Residual risk (by design, documented): numeric values pass through unmasked. Numeric quasi-identifiers — an exact salary plus age plus a postcode-like code — can re-identify a person. Drop such columns first or use schema_only.

4. Provider hook failure

Provider exceptions are caught, recorded as report.audit["provider_error"], and the deterministic report survives. Stated plainly: the prompt has already been sent when a provider fails — a failing provider does not un-send data. The failure mode is fail-closed for the report, not a retroactive privacy guarantee.

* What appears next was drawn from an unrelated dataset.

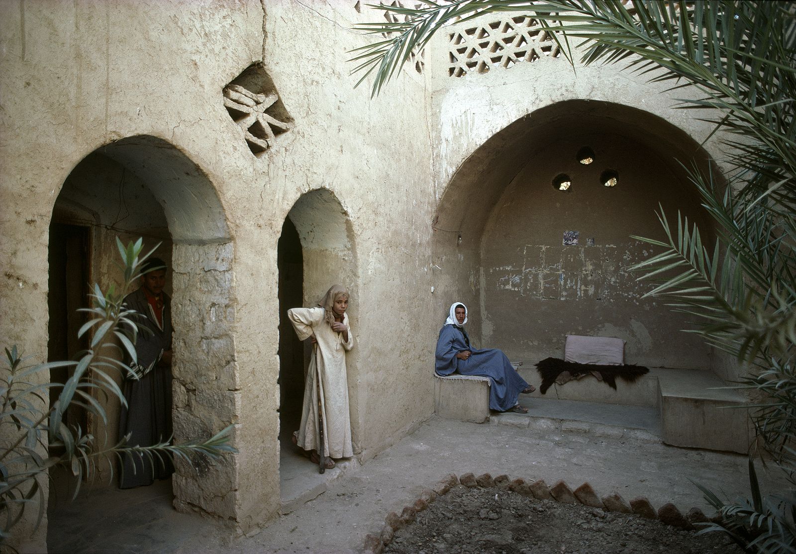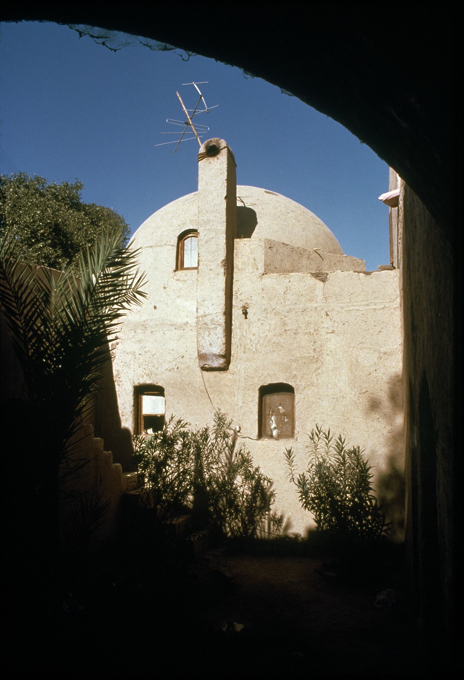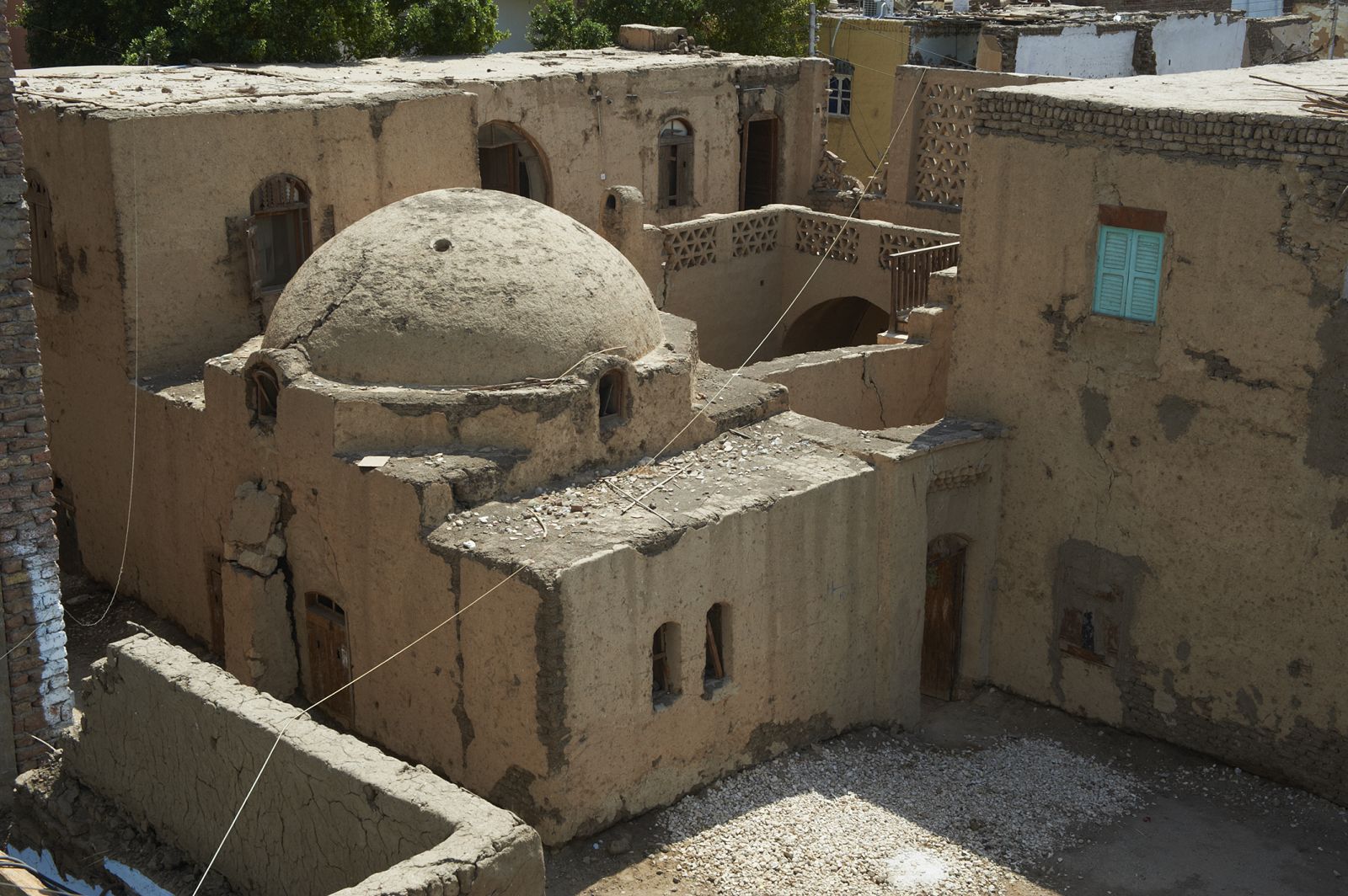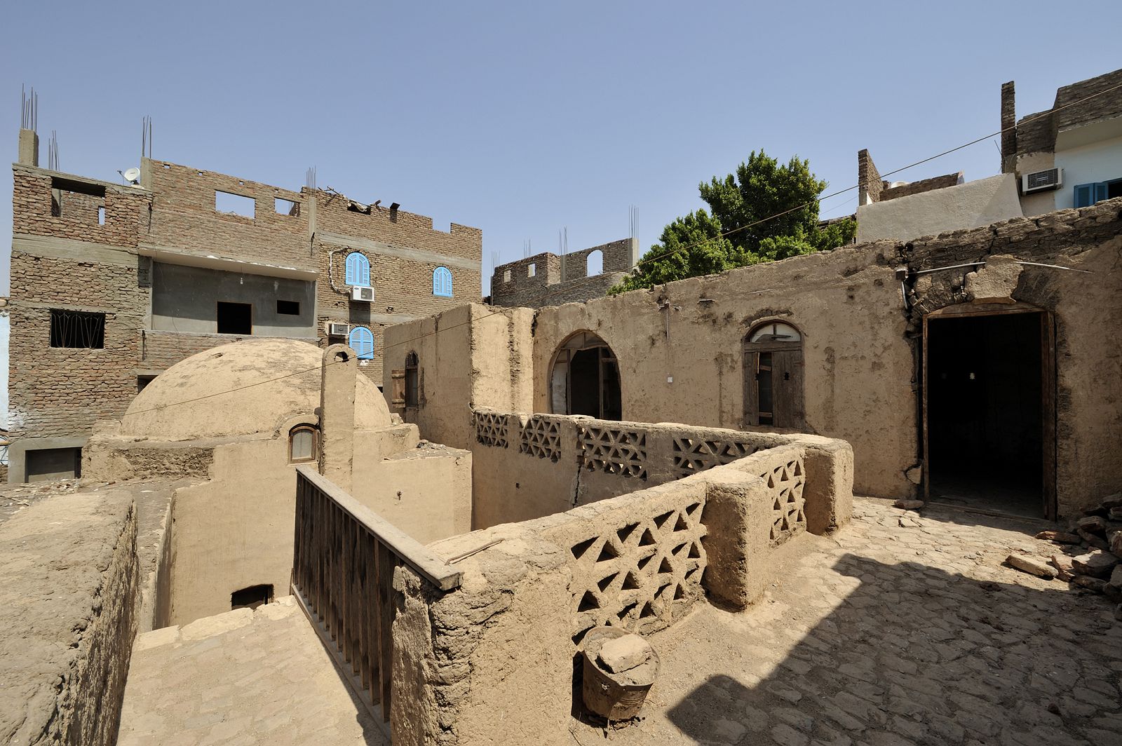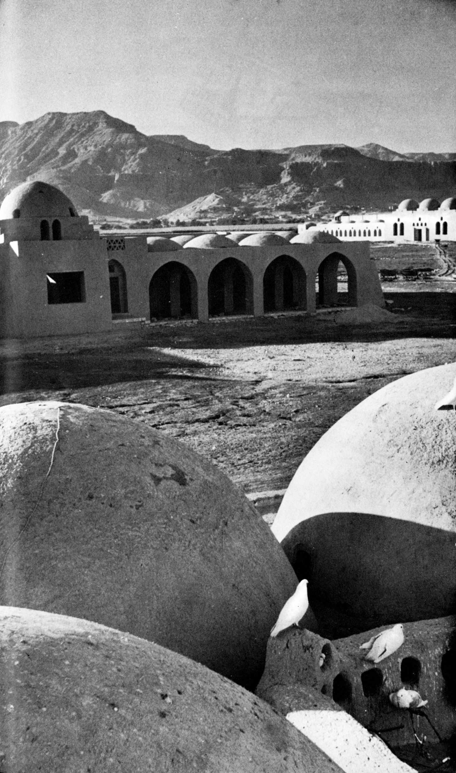All buildings in New Gourna are built entirely of mud bricks – a cheap and locally available material. The pit dug to acquire the mud was integrated into the urban plan to serve as a lake. When building with mud bricks, it is best to choose domes and arches as construction elements: the rectangular rooms inside the dwellings, including the bedrooms, therefore have domed roofs. Each of the beds is in an alcove (iwan) fit with a special gutter that offers protection from scorpions. Many dwellings include an indoor space for livestock on the ground floor. The plan included the realization of both dwellings and countless amenities including a Kahn (an inn and trading place for caravans), a mosque, a primary school for boys and a separate school for girls.

5. PII detection is regex-only

The dependency-free detector covers EMAIL / PHONE / SSN / credit card / IP. It does not detect names, addresses, or free-text PII (install the privacy extra for NER via presidio). This is the #1 practitioner gotcha: if you call anonymize() with only auto-detected columns, undetected PII passes through. The copilot does not inherit this gap because it masks all string-like columns regardless of detection (see boundary 3).

6. Masking tokens

Hash masking is HMAC-SHA256 with a configurable salt. The default salt is a public constant in the source, so tokens are stable across runs and joinable — and an attacker holding tokens can confirm guesses of low-cardinality values. Supply your own salt on MaskingRule when unlinkability matters. The copilot's internal masking uses the default deterministic path on purpose: a per-run random salt would break the documented reproducibility of model_context and its audit fingerprint. This trade-off is tracked as a roadmap item, not silently changed.

Non-goals

  • Not a sandbox. FreshData reads tabular files; hostile file formats are the parser libraries' concern (pandas / pyarrow / duckdb versions are therefore floor-pinned).
  • Not DLP. PII detection is best-effort convenience. The compliance packs state their own scope and do not turn detection into a guarantee.
  • No network in any cleaning path. The only network call in the package is the explicit fd.models.pull(...); offline behavior is CI-enforced (-m "not online" is the default gate).